If $\displaystyle a_n$ is a sequence such that $\displaystyle \frac{a_{n}-1}{a_{n}+1} \to 0$, then does $\displaystyle \lim_{n \to \infty} a_{n}$ exist? So in other words, does $\displaystyle a_n \to L$?

Assume that $\displaystyle s_n = \frac{a_{n}-1}{a_{n}+1}$. Let $\displaystyle \varepsilon > 0$. Then there exists an $\displaystyle N \in \mathbb{N}$, such that whenever $\displaystyle n \geq N$, then $\displaystyle |s_{n}| < \varepsilon$.

Now the problem is to express $\displaystyle a_{n}$ in terms of $\displaystyle s_{n}$ and use the definition of convergence to see if it converges or not?

2. Hello
Originally Posted by particlejohn
If $\displaystyle a_n$ is a sequence such that $\displaystyle \frac{a_{n}-1}{a_{n}+1} \to 0$, then does $\displaystyle \lim_{n \to \infty} a_{n}$ exist? So in other words, does $\displaystyle a_n \to L$?

Assume that $\displaystyle s_n = \frac{a_{n}-1}{a_{n}+1}$. Let $\displaystyle \varepsilon > 0$. Then there exists an $\displaystyle N \in \mathbb{N}$, such that whenever $\displaystyle n \geq N$, then $\displaystyle |s_{n}| < \varepsilon$.

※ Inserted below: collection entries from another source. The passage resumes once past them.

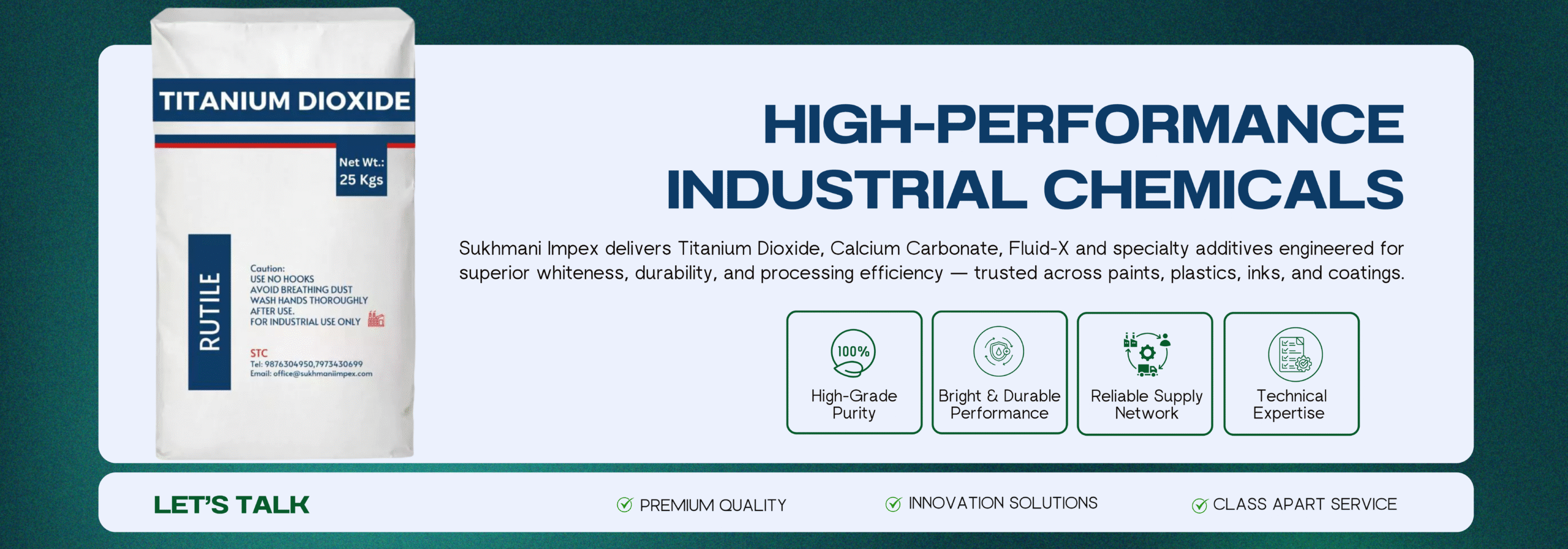 At Sukhmani Impex, we focus on building lasting partnerships by providing titanium dioxide that performs precisely and consistently. Our extensive industry knowledge and commitment to quality have made us a preferred supplier for manufacturers in coatings, plastics, paper, and other performance-driven sectors.Through ongoing improvement and effective production methods, we improve the purity, brightness, and efficiency of our TiO₂ grades while minimizing environmental impact. Our research-led approach ensures that every product contributes to longer-lasting, more sustainable end applications.Each batch we send out is carefully inspected by our Quality Assurance Guardians, a dedicated team making sure every shipment meets the highest standards for performance, safety, and uniformity. Only materials that meet our specifications reach our clients.
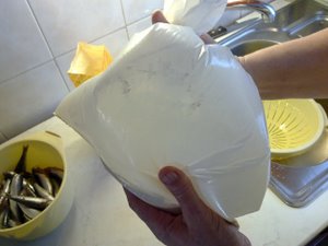 Vrečko dobro zavijte skupaj in jo potresite, da se bo moka dobra prijela na sardelce. |
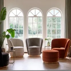 The Taylor Lobby Armchair looks like it came straight from the lobby of a chic hotel and has a look similar to the Thompson footstool but with a sweeping back. This armchair features a round seat and back, which has a small opening for an airy effect.
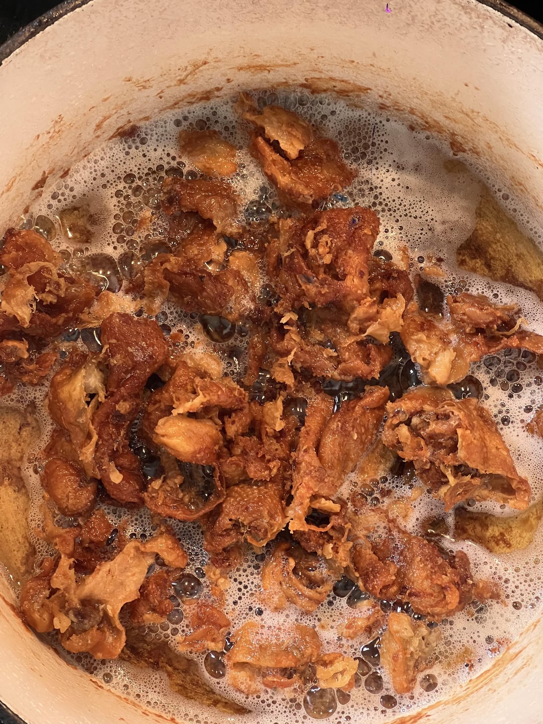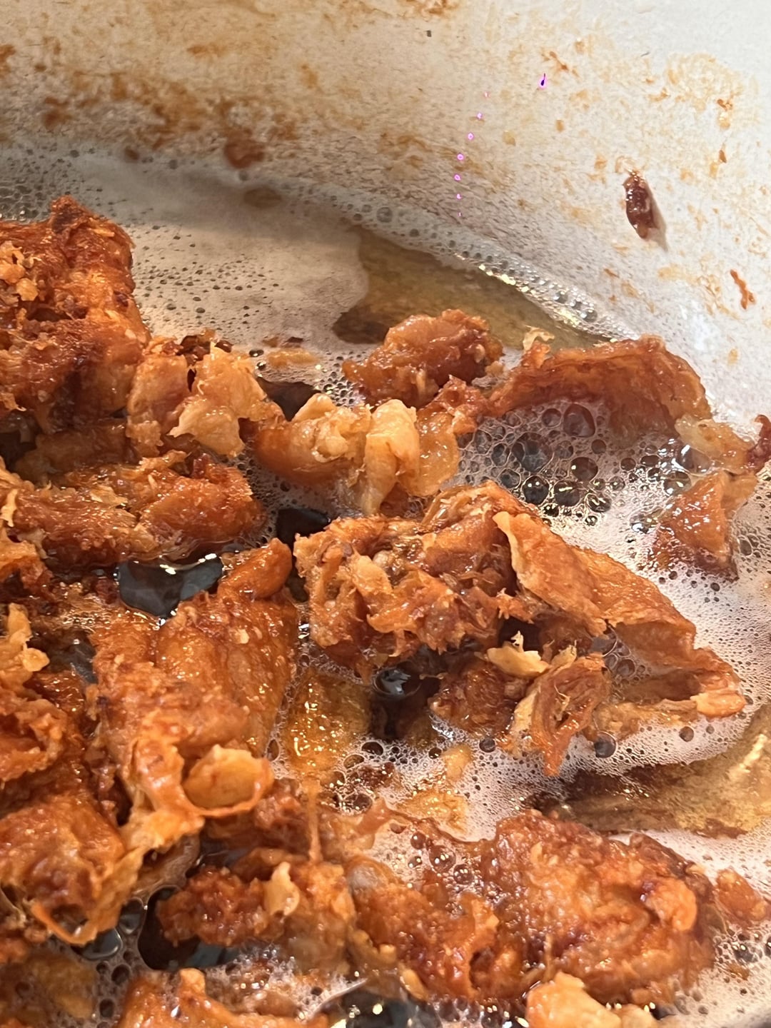 Rendered these skins (covered just in water) for about 4hours at a low-med heat and when the water evaporates they end up frying in the fat (shmaltz). The plan was to make a sugar free bacon jam (or sauce if it doesn’t reduce properly) w the skin chopped up in it

Now the problem is to express $\displaystyle a_{n}$ in terms of $\displaystyle s_{n}$ and use the definition of convergence to see if it converges or not?
If you have to use the definition of convergence, that's the idea. To help you, $\displaystyle |s_n|<\varepsilon$ can be written $\displaystyle -\varepsilon < 1-\frac{2}{a_n+1} < \varepsilon$.

If you don't have to use the definition of convergence, suppose that $\displaystyle (a_n)$ diverges and see what happens to $\displaystyle s_n=1-\frac{2}{a_n+1}$ which is supposed to tend to 0 as $\displaystyle n\to\infty$.